Looking at the data below, report how many lines contain "Leather", with no other words.

[[ Data records, beginning ]]

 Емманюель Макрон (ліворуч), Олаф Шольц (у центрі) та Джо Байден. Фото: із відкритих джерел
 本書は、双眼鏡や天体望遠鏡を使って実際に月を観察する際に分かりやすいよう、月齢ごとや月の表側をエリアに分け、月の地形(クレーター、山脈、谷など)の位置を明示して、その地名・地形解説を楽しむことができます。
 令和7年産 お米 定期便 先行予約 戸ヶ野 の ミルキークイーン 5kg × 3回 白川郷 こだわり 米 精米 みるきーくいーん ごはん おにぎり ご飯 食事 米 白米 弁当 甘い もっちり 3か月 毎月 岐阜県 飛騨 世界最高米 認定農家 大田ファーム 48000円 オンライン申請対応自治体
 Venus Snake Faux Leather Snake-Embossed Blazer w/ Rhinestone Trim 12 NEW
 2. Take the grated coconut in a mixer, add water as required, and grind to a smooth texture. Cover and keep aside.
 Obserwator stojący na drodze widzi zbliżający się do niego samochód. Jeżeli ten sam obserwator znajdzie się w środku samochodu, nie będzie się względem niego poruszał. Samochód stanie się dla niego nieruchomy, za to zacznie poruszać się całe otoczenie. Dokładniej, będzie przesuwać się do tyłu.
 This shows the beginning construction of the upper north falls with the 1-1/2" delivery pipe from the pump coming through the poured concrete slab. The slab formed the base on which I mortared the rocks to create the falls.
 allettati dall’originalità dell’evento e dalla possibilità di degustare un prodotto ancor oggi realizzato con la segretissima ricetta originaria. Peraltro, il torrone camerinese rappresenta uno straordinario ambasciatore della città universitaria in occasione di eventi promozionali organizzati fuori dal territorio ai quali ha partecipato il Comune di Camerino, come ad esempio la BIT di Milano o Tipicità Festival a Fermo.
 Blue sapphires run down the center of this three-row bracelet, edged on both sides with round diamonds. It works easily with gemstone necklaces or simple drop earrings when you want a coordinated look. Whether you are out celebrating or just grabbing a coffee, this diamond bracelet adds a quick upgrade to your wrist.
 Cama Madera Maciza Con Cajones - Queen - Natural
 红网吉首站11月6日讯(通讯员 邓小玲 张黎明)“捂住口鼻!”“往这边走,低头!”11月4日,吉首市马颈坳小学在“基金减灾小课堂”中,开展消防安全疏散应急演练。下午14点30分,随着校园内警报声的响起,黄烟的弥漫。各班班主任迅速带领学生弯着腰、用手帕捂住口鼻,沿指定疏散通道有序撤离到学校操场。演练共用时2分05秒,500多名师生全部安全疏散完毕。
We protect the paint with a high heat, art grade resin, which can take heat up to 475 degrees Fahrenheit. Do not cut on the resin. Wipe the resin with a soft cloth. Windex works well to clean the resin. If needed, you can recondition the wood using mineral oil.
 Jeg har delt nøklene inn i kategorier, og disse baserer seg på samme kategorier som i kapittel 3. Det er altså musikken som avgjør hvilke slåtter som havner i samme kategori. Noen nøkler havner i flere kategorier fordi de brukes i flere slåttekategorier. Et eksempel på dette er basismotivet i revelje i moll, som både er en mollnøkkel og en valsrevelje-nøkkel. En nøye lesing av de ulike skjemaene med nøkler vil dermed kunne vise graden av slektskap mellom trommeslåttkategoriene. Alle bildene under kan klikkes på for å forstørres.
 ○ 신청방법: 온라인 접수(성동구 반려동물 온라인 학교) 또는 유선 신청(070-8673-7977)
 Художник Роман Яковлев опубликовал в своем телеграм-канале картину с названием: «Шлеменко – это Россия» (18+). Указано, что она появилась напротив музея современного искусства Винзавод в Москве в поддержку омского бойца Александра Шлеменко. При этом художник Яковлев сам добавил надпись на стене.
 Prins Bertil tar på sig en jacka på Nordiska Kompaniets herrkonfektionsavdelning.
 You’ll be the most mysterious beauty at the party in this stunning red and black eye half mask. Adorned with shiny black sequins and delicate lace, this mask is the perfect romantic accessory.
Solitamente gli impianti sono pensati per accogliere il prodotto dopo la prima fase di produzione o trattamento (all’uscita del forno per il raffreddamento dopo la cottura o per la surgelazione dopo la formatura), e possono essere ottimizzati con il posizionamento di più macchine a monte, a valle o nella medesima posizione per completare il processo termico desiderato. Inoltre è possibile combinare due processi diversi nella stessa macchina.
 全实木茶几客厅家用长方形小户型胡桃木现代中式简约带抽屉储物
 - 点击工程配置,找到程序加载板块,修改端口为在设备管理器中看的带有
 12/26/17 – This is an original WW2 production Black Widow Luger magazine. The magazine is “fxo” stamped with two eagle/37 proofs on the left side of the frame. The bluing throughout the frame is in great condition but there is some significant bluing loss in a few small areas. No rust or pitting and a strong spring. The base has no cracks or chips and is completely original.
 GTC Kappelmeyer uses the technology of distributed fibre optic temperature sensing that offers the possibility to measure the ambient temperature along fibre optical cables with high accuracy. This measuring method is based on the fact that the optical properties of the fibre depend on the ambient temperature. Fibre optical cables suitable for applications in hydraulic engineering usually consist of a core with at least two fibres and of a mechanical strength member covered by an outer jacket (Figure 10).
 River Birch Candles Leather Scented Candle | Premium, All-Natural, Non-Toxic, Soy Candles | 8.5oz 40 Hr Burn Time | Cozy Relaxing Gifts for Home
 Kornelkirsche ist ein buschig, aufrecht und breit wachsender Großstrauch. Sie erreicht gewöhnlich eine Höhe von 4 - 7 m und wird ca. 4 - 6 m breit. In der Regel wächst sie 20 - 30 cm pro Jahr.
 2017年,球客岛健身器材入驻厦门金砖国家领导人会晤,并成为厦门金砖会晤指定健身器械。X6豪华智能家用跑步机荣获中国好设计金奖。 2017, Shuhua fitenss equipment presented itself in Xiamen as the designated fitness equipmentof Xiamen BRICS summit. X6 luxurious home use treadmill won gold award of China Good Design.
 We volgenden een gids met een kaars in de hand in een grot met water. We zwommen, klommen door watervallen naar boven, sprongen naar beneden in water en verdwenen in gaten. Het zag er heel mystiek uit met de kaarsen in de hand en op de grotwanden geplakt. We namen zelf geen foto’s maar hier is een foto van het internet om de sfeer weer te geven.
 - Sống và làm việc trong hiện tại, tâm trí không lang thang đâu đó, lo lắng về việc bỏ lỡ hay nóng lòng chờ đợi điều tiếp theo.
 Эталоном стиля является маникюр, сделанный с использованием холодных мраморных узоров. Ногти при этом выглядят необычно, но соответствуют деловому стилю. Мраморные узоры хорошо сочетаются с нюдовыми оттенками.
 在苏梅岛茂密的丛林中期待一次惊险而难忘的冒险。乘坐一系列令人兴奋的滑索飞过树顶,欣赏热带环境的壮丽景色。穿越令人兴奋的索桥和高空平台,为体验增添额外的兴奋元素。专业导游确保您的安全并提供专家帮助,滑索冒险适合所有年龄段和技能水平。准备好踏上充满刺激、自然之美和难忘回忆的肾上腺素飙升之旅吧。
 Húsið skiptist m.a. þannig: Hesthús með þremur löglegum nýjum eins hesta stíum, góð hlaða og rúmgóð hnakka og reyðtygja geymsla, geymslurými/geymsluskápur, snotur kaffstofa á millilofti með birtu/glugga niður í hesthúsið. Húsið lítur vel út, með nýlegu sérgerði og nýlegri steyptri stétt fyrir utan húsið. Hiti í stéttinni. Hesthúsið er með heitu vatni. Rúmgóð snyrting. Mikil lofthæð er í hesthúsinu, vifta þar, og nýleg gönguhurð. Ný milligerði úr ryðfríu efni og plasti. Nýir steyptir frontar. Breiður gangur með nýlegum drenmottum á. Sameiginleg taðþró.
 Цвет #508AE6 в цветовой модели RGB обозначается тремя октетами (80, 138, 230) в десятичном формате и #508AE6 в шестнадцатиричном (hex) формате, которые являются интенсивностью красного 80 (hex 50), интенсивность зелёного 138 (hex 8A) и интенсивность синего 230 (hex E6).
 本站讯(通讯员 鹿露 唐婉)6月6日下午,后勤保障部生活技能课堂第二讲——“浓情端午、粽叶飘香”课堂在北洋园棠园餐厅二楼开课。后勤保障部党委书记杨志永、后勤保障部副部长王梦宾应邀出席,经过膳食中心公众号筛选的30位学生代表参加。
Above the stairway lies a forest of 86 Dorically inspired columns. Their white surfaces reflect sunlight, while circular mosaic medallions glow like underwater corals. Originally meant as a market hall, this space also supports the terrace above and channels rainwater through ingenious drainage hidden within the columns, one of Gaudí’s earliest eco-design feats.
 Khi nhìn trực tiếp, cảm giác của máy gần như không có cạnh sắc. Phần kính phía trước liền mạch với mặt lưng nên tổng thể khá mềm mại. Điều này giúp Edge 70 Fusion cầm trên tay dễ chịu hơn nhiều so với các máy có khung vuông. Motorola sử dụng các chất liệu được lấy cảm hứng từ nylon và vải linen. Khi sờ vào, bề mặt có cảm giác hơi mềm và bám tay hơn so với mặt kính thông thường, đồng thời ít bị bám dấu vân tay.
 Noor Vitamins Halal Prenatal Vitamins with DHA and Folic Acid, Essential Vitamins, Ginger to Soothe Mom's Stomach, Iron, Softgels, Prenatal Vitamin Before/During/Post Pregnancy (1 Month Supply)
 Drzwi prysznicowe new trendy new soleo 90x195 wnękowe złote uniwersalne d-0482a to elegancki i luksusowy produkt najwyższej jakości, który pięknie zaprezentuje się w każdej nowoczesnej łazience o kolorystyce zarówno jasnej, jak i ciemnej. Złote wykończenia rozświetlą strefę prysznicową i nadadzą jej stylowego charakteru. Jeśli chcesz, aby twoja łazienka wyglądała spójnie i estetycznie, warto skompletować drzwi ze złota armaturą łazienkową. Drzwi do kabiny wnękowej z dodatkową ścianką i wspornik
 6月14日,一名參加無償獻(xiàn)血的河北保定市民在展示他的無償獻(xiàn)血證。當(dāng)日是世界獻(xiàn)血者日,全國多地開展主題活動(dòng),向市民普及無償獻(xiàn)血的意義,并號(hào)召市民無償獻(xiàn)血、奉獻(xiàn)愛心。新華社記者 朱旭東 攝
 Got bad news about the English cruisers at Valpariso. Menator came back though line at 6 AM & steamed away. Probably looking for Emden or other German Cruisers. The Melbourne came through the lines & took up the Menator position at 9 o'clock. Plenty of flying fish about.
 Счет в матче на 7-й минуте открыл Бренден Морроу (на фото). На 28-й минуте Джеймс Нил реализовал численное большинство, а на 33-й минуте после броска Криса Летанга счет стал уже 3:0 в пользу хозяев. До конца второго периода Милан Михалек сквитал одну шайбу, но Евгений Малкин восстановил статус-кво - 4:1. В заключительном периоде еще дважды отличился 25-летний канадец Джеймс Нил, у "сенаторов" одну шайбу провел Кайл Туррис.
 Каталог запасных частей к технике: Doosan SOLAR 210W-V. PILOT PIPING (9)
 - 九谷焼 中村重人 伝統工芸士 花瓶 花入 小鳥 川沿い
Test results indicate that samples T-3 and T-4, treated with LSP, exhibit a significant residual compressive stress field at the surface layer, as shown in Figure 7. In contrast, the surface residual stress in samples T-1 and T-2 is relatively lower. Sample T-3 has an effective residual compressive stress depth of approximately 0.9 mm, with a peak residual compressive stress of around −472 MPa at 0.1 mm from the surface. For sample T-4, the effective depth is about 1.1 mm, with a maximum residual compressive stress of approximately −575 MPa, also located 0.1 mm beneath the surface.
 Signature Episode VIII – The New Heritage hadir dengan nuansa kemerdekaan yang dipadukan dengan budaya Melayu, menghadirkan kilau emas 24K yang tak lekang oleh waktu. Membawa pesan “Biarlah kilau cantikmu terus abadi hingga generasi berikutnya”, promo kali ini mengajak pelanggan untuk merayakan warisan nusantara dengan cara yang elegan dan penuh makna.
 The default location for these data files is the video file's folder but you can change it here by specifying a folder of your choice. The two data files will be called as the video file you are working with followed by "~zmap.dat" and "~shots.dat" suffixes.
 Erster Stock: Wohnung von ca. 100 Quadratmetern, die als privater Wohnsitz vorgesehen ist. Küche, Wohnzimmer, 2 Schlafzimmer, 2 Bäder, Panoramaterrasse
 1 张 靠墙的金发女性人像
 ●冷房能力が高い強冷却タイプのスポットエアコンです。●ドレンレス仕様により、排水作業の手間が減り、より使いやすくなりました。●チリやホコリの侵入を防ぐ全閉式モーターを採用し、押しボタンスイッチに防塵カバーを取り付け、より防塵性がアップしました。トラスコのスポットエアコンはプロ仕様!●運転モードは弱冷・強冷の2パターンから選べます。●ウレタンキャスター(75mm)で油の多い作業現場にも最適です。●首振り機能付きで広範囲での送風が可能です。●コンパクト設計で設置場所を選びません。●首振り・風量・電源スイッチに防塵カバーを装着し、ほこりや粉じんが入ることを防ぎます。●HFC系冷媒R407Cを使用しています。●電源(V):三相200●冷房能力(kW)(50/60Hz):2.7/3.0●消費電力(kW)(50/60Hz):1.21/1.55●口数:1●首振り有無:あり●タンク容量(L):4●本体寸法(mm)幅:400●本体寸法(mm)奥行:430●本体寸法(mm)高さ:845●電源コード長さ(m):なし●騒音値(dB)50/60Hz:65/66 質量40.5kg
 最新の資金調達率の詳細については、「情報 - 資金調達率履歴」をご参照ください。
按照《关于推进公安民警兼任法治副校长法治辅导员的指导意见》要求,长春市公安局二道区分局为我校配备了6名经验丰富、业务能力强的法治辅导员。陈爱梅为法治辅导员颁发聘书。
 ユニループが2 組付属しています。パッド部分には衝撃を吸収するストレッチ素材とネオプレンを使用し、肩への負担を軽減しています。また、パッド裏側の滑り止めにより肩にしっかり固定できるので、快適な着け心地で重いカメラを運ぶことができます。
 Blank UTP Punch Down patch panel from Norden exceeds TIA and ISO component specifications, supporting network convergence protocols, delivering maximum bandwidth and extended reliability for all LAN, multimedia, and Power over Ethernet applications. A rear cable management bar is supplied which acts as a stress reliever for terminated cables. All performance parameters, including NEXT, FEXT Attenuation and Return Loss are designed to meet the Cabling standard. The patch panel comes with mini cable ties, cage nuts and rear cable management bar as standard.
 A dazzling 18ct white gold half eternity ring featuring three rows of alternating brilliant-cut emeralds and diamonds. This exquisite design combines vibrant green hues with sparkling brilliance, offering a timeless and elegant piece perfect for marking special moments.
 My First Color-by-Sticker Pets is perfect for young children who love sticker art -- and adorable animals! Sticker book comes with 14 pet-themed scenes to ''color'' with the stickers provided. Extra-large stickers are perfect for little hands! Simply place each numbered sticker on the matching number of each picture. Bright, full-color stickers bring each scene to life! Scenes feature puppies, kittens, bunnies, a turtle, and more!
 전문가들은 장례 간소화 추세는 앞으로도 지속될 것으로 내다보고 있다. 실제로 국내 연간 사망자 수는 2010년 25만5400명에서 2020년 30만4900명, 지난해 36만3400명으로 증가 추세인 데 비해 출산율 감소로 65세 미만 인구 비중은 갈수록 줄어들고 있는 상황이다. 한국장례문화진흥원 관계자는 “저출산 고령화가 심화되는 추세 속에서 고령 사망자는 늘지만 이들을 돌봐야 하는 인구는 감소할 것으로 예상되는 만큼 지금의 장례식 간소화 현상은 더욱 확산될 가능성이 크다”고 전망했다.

[[ Data records, end ]]

◆ Exercise answer ◆
2